_About this task_
The line containing "Kilt style denim" marks the end: extract everything from the first line of the data through that line, exactly, with no pictures.

_Data excerpt_
######

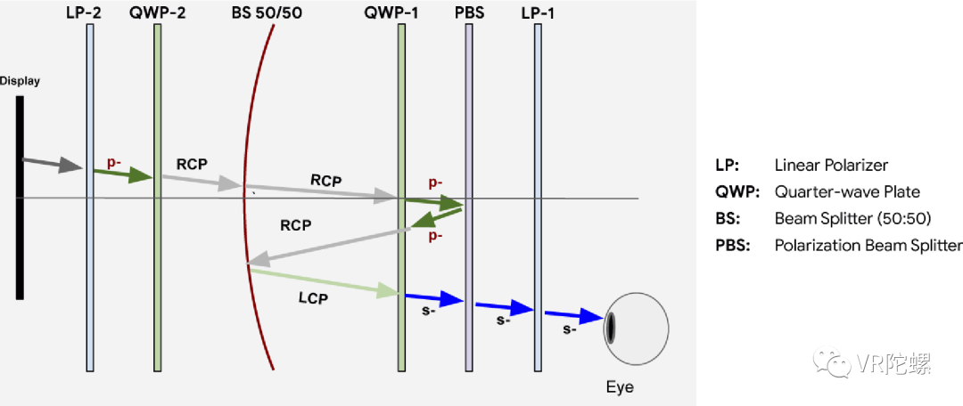 使用偏振折叠机制,可以在紧凑的器件内,实现光源的传输和虚像放大。具体来看,在经典的 Pancake 光学设计中,来自显示器的光首先通过一个圆形偏振器(假设为RCP)和一个半反半透镜,然后通过一个1/4相位片(QWP)传输,该 QWP 将光的偏振改变为 P 偏振。
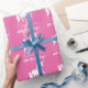 Rosa födelsedag för flickor för vitUnicornpersonlig som slår in papper. Mönster av den nätt vitsilhouetten av en unicorn på en shock rosabakgrund. Skräddarsy för att ändra bakgrundsfärg till någon annan färg. Personlig med födelsedagflickanamn i vitstilsort och henne ålder. Roliga unicornpartytillförsel för en themed födelsedag för unicorn. www.SamAnnDesigns.com
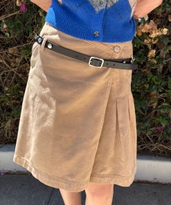 Kilt style denim skirt with side pockets, a pleated detail on the side, and a removable belt. This skirt fits knee-length and is unlined.
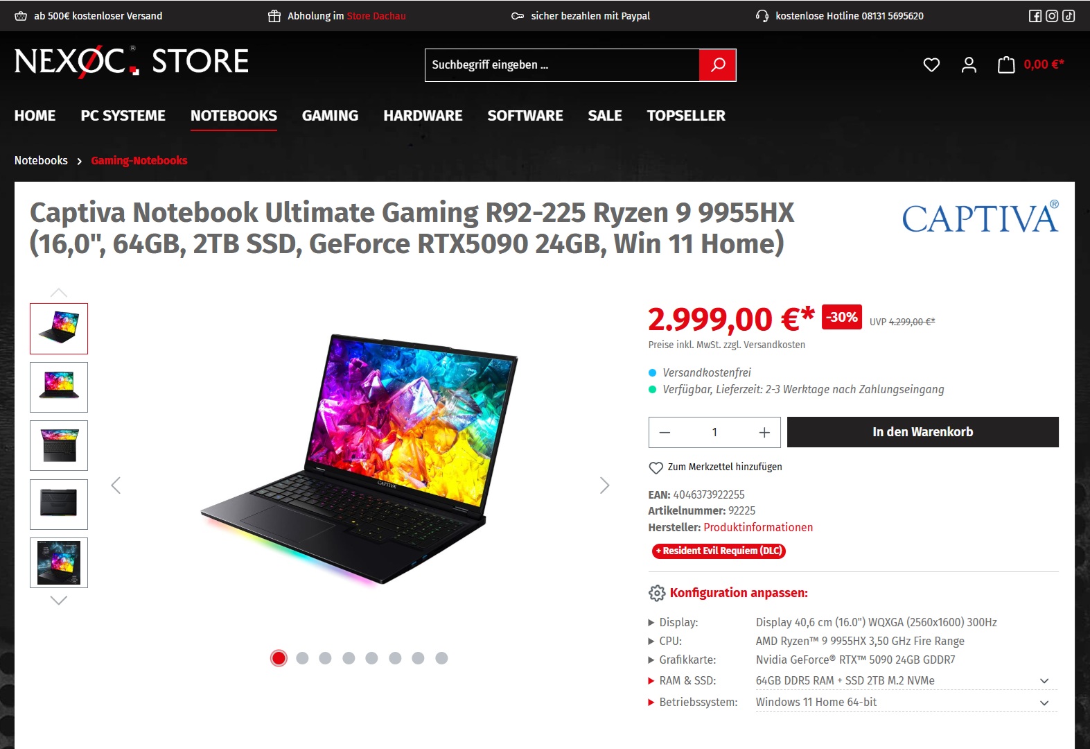 Die R92-Reihe der Firma Captiva zählt zur Oberklasse unter den Gaming-Notebook-Serien. Die Laptops der Reihe warten mit viel Rechenleistung und einer Menge Speicher auf. Aktuell führt Nexoc-Store.de mit dem Ultimate Gaming R92-225 ein Top-Modell der Reihe zu einem Angebotspreis von 2.999 Euro im Sortiment. Einem unserer Tests musste sich der Rechner noch nicht stellen.

######

_Your response_
 使用偏振折叠机制,可以在紧凑的器件内,实现光源的传输和虚像放大。具体来看,在经典的 Pancake 光学设计中,来自显示器的光首先通过一个圆形偏振器(假设为RCP)和一个半反半透镜,然后通过一个1/4相位片(QWP)传输,该 QWP 将光的偏振改变为 P 偏振。
 Rosa födelsedag för flickor för vitUnicornpersonlig som slår in papper. Mönster av den nätt vitsilhouetten av en unicorn på en shock rosabakgrund. Skräddarsy för att ändra bakgrundsfärg till någon annan färg. Personlig med födelsedagflickanamn i vitstilsort och henne ålder. Roliga unicornpartytillförsel för en themed födelsedag för unicorn. www.SamAnnDesigns.com
 Kilt style denim skirt with side pockets, a pleated detail on the side, and a removable belt. This skirt fits knee-length and is unlined.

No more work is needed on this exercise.